(Collected data)

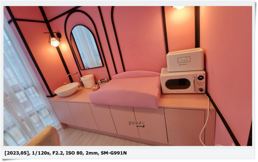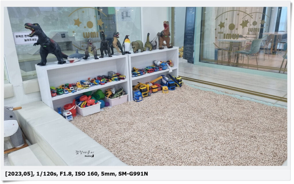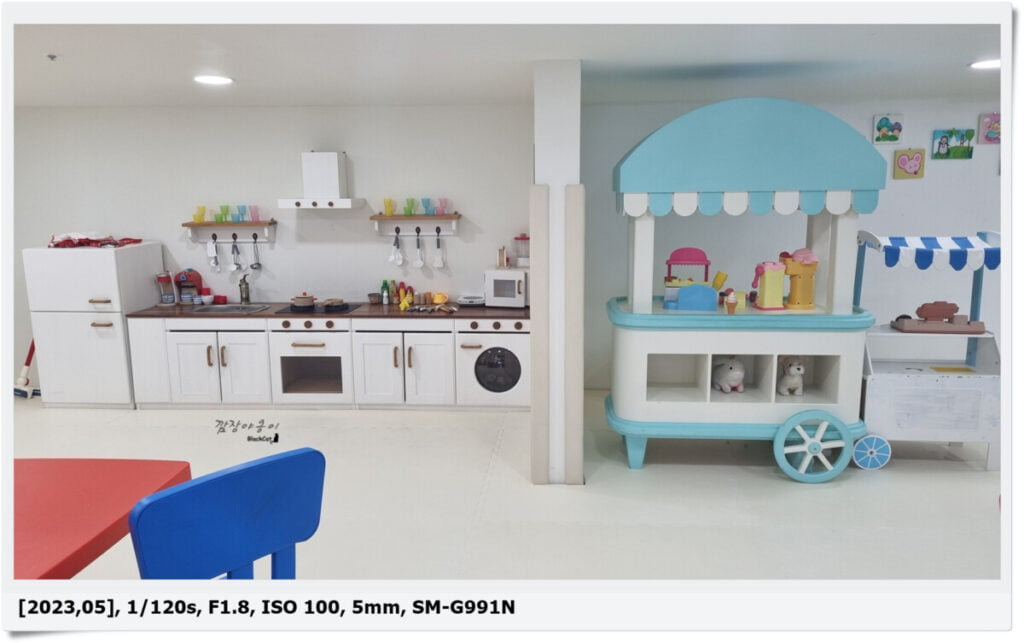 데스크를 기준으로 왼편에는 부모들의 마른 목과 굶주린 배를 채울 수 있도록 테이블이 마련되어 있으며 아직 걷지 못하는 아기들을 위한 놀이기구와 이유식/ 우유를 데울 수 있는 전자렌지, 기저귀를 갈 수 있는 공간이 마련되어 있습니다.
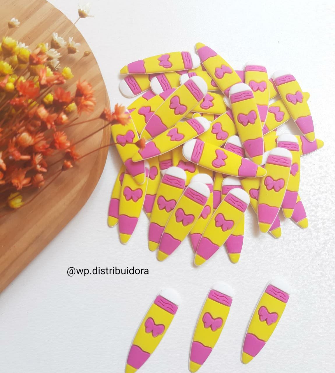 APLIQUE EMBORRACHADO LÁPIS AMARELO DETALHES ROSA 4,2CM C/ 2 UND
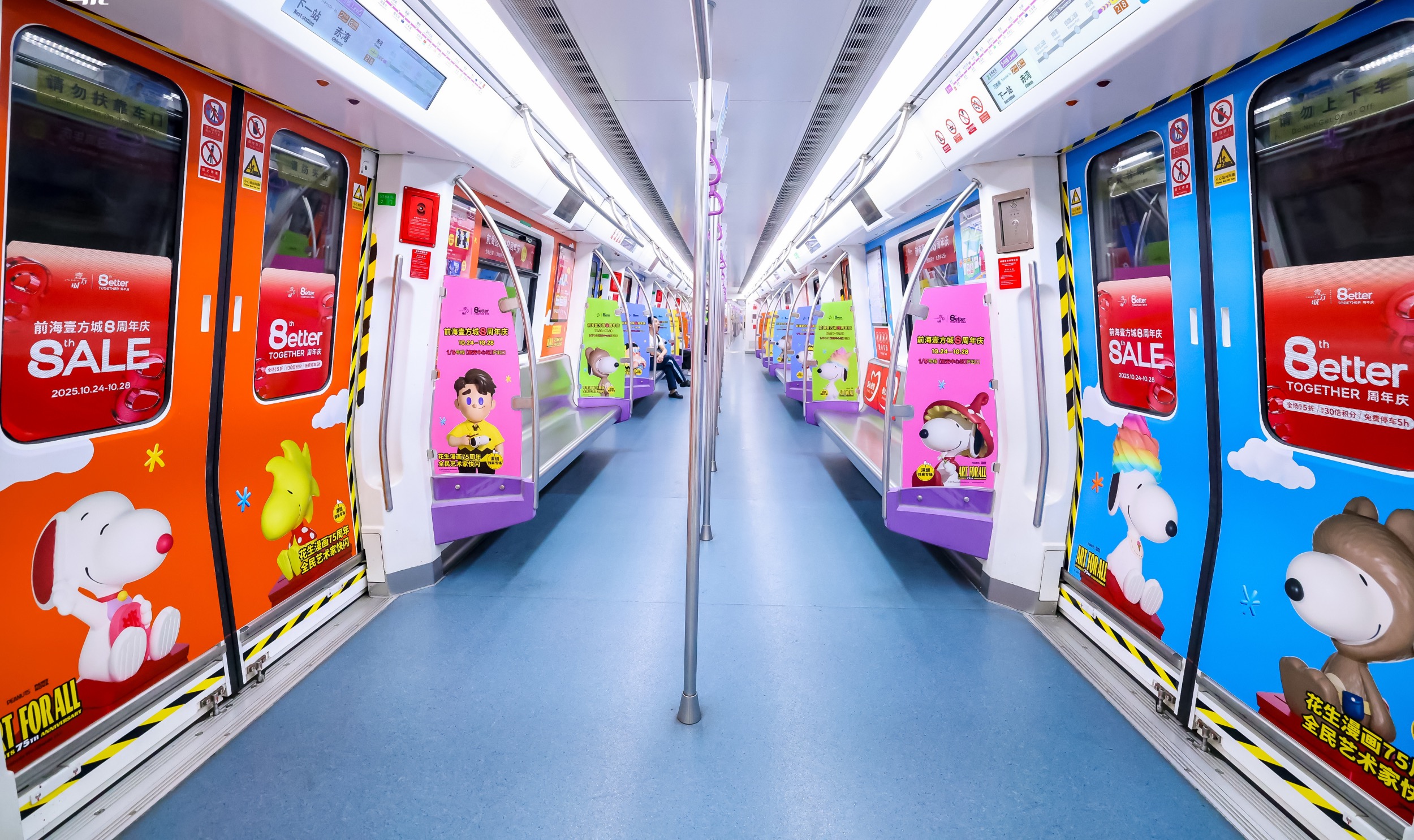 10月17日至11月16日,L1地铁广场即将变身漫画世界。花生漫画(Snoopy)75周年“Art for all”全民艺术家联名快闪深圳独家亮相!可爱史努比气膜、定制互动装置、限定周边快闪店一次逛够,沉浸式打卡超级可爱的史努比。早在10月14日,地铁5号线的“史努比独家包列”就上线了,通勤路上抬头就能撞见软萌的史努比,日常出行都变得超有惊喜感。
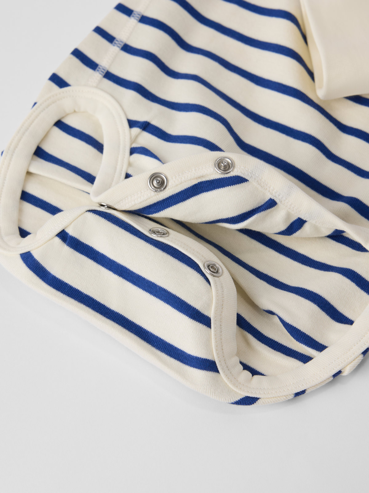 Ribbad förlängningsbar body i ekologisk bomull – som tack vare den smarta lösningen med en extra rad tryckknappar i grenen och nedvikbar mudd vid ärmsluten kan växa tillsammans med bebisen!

(End Collected data)

From the first line to the last, write out the data above exactly. Omit the pictures.

- _Solution to this exercise_:
 데스크를 기준으로 왼편에는 부모들의 마른 목과 굶주린 배를 채울 수 있도록 테이블이 마련되어 있으며 아직 걷지 못하는 아기들을 위한 놀이기구와 이유식/ 우유를 데울 수 있는 전자렌지, 기저귀를 갈 수 있는 공간이 마련되어 있습니다.
 APLIQUE EMBORRACHADO LÁPIS AMARELO DETALHES ROSA 4,2CM C/ 2 UND
 10月17日至11月16日,L1地铁广场即将变身漫画世界。花生漫画(Snoopy)75周年“Art for all”全民艺术家联名快闪深圳独家亮相!可爱史努比气膜、定制互动装置、限定周边快闪店一次逛够,沉浸式打卡超级可爱的史努比。早在10月14日,地铁5号线的“史努比独家包列”就上线了,通勤路上抬头就能撞见软萌的史努比,日常出行都变得超有惊喜感。
 Ribbad förlängningsbar body i ekologisk bomull – som tack vare den smarta lösningen med en extra rad tryckknappar i grenen och nedvikbar mudd vid ärmsluten kan växa tillsammans med bebisen!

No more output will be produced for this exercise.